Abstract:
Protein subcellular localization is defined as predicting the functioning location of a given protein inside the cell. It is considered an important step towards protein function prediction and drug design. The task of protein subcellular localization from primary protein sequences is crucial for understanding genome regulation and functions. Support vector machine (SVM) based learning methods are shown to be effective for predicting protein subcellular and subnuclear localizations. Extraction of informative features cooperating with SVM plays an important role in designing an accurate system for predicting protein subnuclear localization. Proteins are large, complex molecules that are required for the structure, function, and regulation of a body’s tissues and organs. Subcellular localization of proteins within a cell of the body is a mean of achieving functional diversity of protein. The process determines the access of protein’s interacting partners and enables the integration of proteins into functional biological networks. To gain access to appropriate molecular interaction partners, protein must be at the right place at the right moment. Therefore, the process of protein subcellular localization is crucial for protein synthesis and drug discovery for a broad range of medical conditions and diseases.

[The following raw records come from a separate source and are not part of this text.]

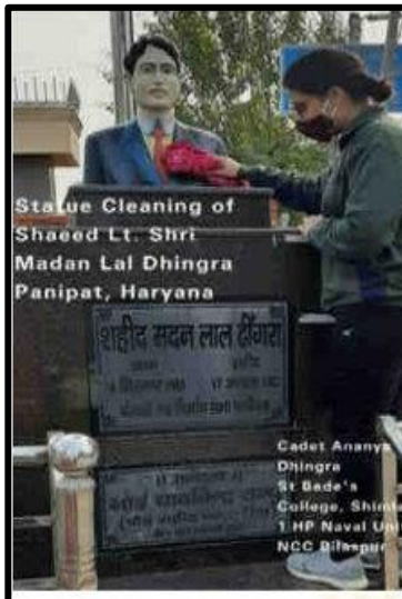
Statue Cleaning of Shaheed Lt. Shri Madan Lal Dhingra Panipat, Haryana
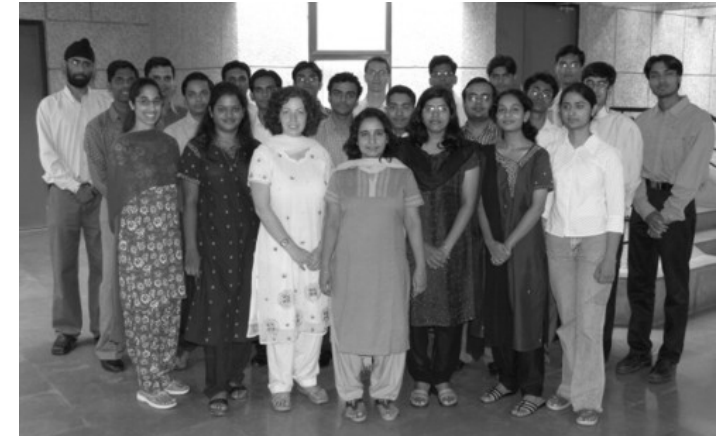
The SURGE undergraduate researchers

Undergraduate research is a pedagogical tool that helps channelise the energy and enthusiasm of students into conceptual-based education, thereby igniting their minds to explore with curiosity the world around them. It can help students (a) bridge the gap between class-room education and real world challenges, and learning the relevance of the curriculum that they undergo at the Institute, and (b) internalize and take ownership of the process of learning and education.
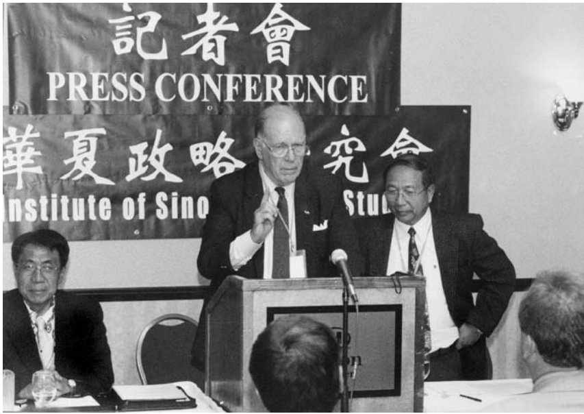
Lyndon LaRouche gave the keynote address to a conference of the Institute of Sino-Strategic Studies, attended by scholars and political activists from the U.S., Taiwan, and the People's Republic of China, in Whittier, Calif., August 2002. He is shown here at a press conference following the speech. China Daily published an interview with LaRouche in 2005 (right).

fact that he had interviewed LaRouche in prison, in 1993, and he gave the link to our site. So, that's how we came to have thousands of people reading an interview from 16 years ago, as highly relevant to the question of whether these four countries could, and will, take the initiative to bring the world out of the danger of an immediate Dark Age now.
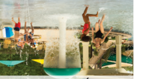
Resort-style Pool & Adult Area
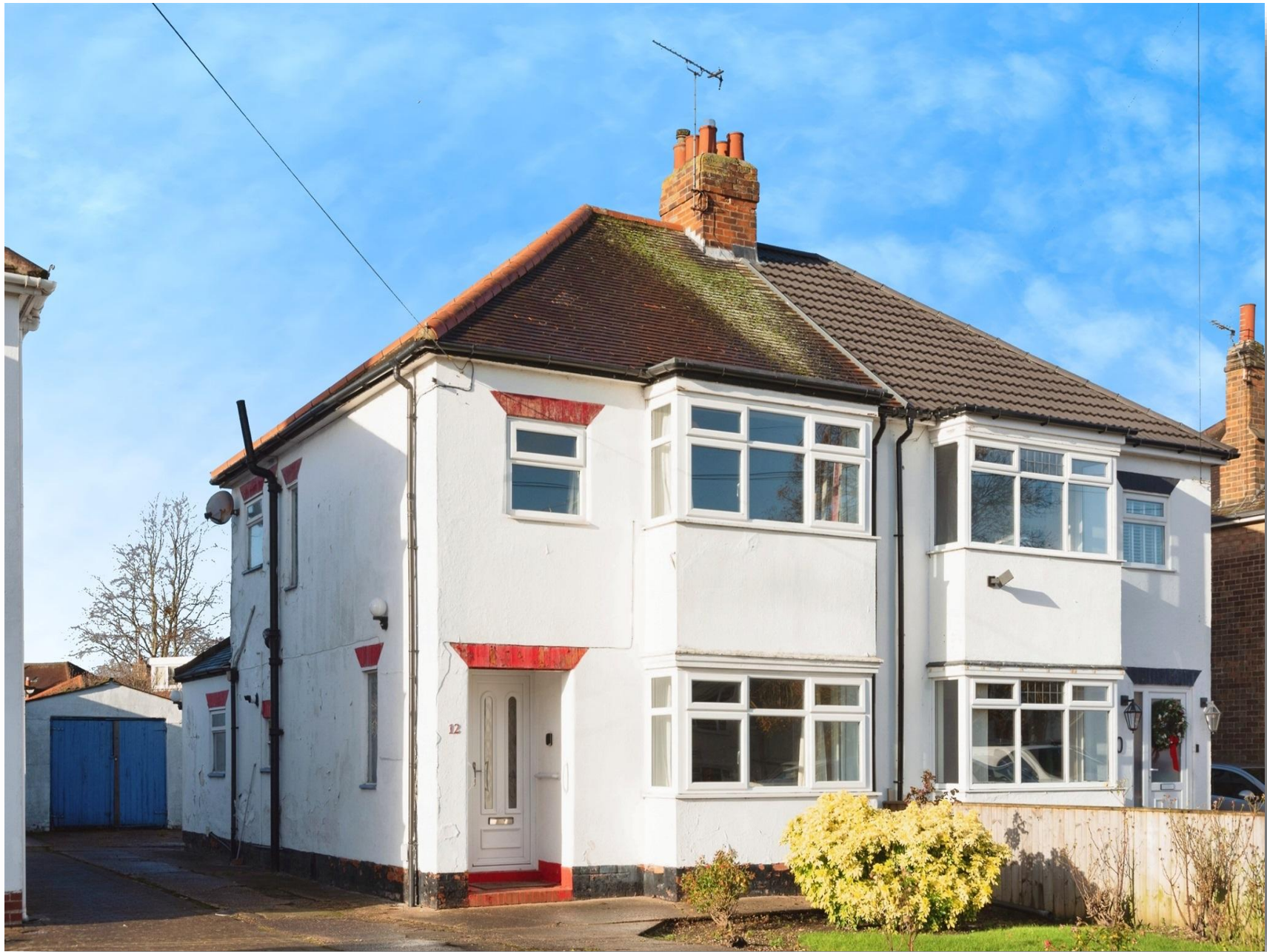
Lowfield Road, Anlaby HU10 7BU

The current study described here introduces a novel machine learning approach in Bioinformatics for classifying 361 protein sequences found inside a cell. The sequences were in string (text) format, and a set of characteristics were extracted out of them. The feature set includes 8 physicochemical properties of the protein found in 6 target locations of a cell. A support vector machine (SVM) based model has been developed to learn these properties of proteins and test the model on an independent dataset, considering the well-known application of SVM in this field. The algorithm developed during this work selects an optimal range of parameters of SVM and adopts feature selection for obtaining the best performance of the algorithm. The proposed algorithm achieved an average accuracy of 90% in classifying proteins on the target locations. It shows better performance compared to several similar algorithms presented in the literature. The technique proposed here can further be extended for protein sequences found in any part of the body.